A Community CETR will be held as soon as it is known that there is a risk that a child may be admitted to hospital or 52 week provision and, following that, every 3 months. It will be chaired by the Cambridgeshire and Peterborough CCG Transforming Care Lead Commissioner.

A Hospital CETR will be held within 5 days of a child being admitted to hospital and then every 3 months. It will be chaired by an NHS England representative and the Chair of the Community CETR will be included in this CETR.

A social worker must always be part of a CETR and is responsible for assessing and planning to meet the child and family's social care needs generally but in particular to prevent admission or plan for discharge in conjunction with other services and the family.

If the child already has a social worker that social worker must attend the CETR.

  • The request may come direct from the inpatient setting or via the Cambridgeshire and Peterborough Transforming Care Lead Commissioner;
  • The Cambridgeshire and Peterborough Transforming Care Lead Commissioner, if they do not know who the social worker is, may go through the Customer Service Centre or one of the CCC Transforming Care Champions;
  • Attendance must be prioritised and arrangements made for someone else to attend if the social worker is unavailable.

If the child does not already have a social worker the Cambridgeshire and Peterborough Transforming Care Coordinator will request social care involvement via the Customer Service Centre.

  • A social worker from the Disabled Children's Social Care Service will be allocated;
  • They must attend the CETR;
  • If, following assessment, the child does not meet the eligibility criteria for a disability social work service the child will, with parental permission as appropriate, be transferred to the most appropriate children's social work or early help team.


3. Role of the Social Worker

Within the CETR process, the social worker will:

  • Work with others to develop an education, health and social care package of support to prevent hospital admission, 52 week residential placement or to plan for hospital discharge;
  • Carry out social care single assessment where required;
  • Arrange for social care support as needed following the usual process;
  • Undertake actions as agreed within the CETR process;
  • Ensure that their manager is aware of the issues and potential needs so that they can support as needed.

However, as speed will often be essential, Social Workers will need to prioritise this work and may need to provide support before the assessment is complete.


4. The Transforming Care Register

The CCG and the local authority are required to jointly maintain a register of all children and young people with autism and/or learning disability, behaviour that challenges and/or mental health issues who are in Tier 4 hospital beds, are at risk of being admitted or having a 52 week residential placement.

Anyone who is concerned about this in relation to a child or young person they are aware of can make a request for the child to have a CETR and be included in the register.

Workers can request inclusion but must obtain consent from the young person or their family first. Referral and consent forms can be requested from: capccg.childrenstransformingcare@nhs.net.

The register is coordinated by the Cambridgeshire and Peterborough Transforming Care Lead Commissioner.

Every child on the register must have CETRs within the timescales outlined in section 2, above, and a clear plan in place to prevent hospital admission or in preparation for discharge or prevent 52 week placement.

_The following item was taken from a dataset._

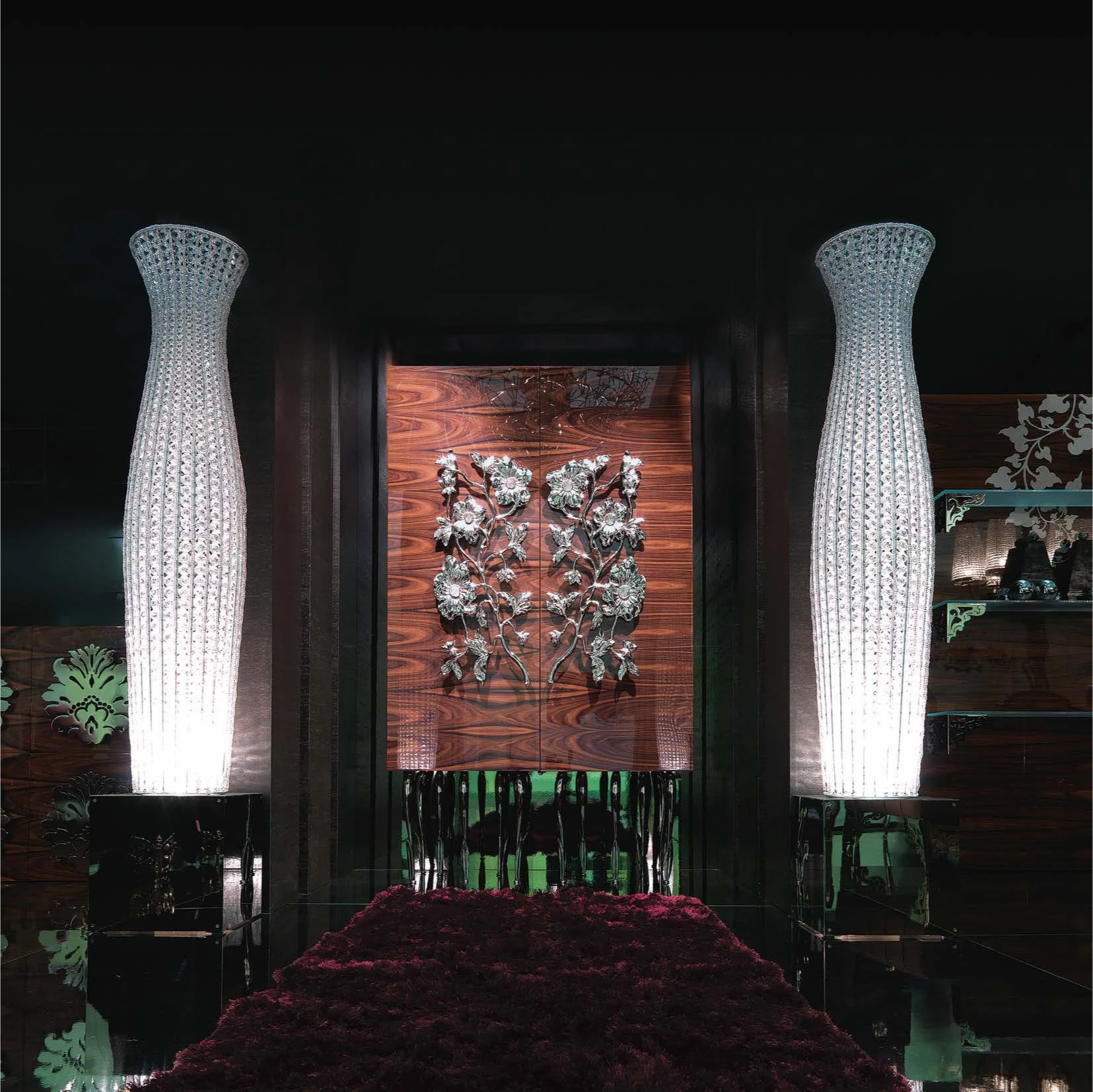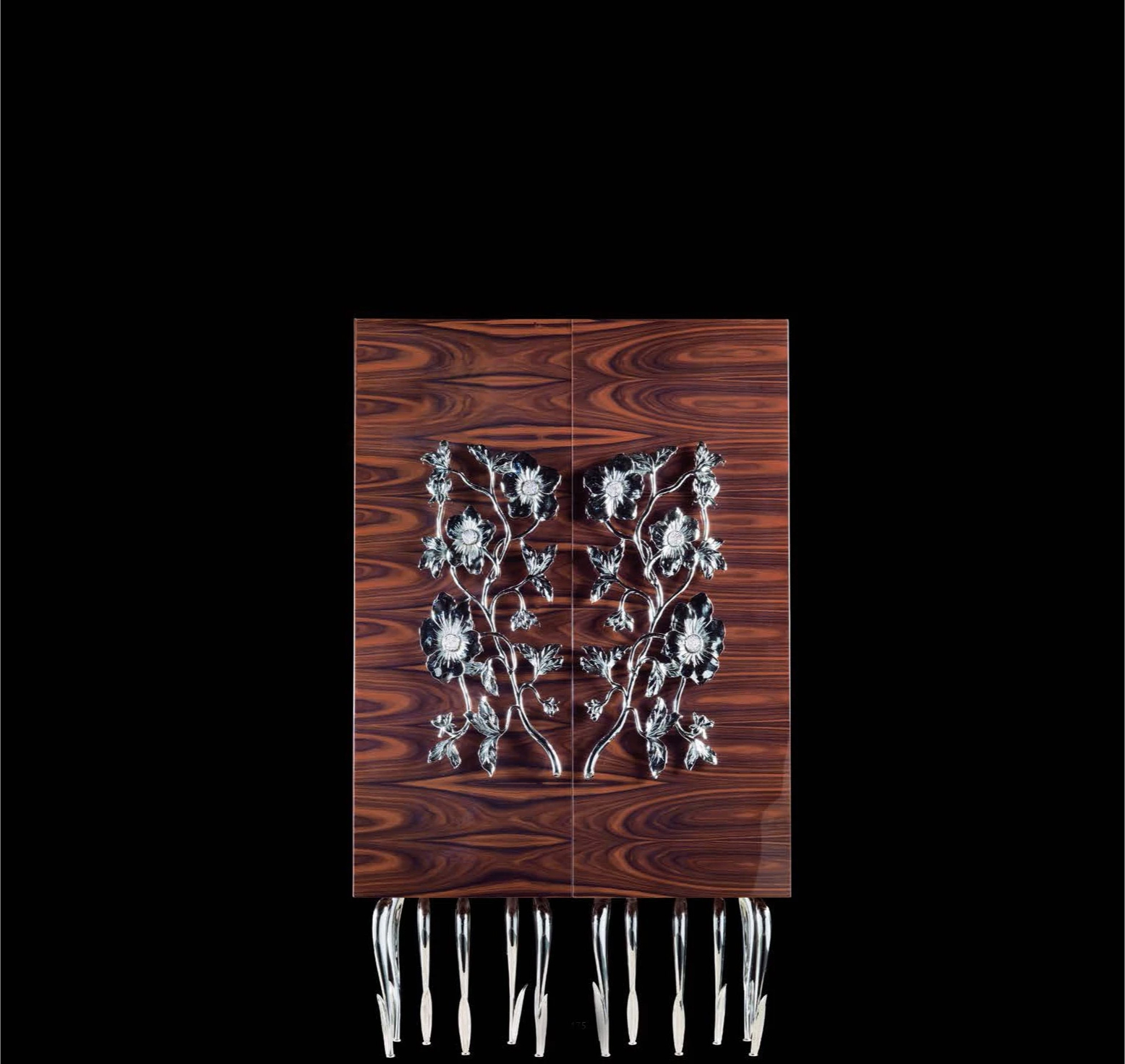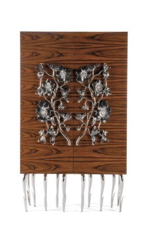 Қатты раушан ағашынан жасалған гүл шкафының корпусы, ішінде екі раушан ағаш сөресі бар. Никельмен қапталған жезден жасалған аяқтар, клиенттің қалауы бойынша әрлеу. Аяқтау-компанияның ассортиментінен күңгірт немесе жылтыр лак. Алтын Жинақ. Түстер қол жетімді.

Children and young people should only be included on the register if there is a risk of hospital admission, they have already been admitted or there is a risk of 52 week placement. They should be removed from the register at the earliest appropriate opportunity. This will be a joint decision of all involved, coordinated by the Cambridgeshire and Peterborough Transforming Care Coordinator.


5. Other Responsibilities

The Transforming Care/CETR process has a high profile, both locally and nationally. The local authority and the CCG service directors have to report monthly to NHS England on the plans and situation for every child, young person and adult on the Transforming Care Register.

Social Workers must ensure that their manager has up to date information to enable them to do this effectivly.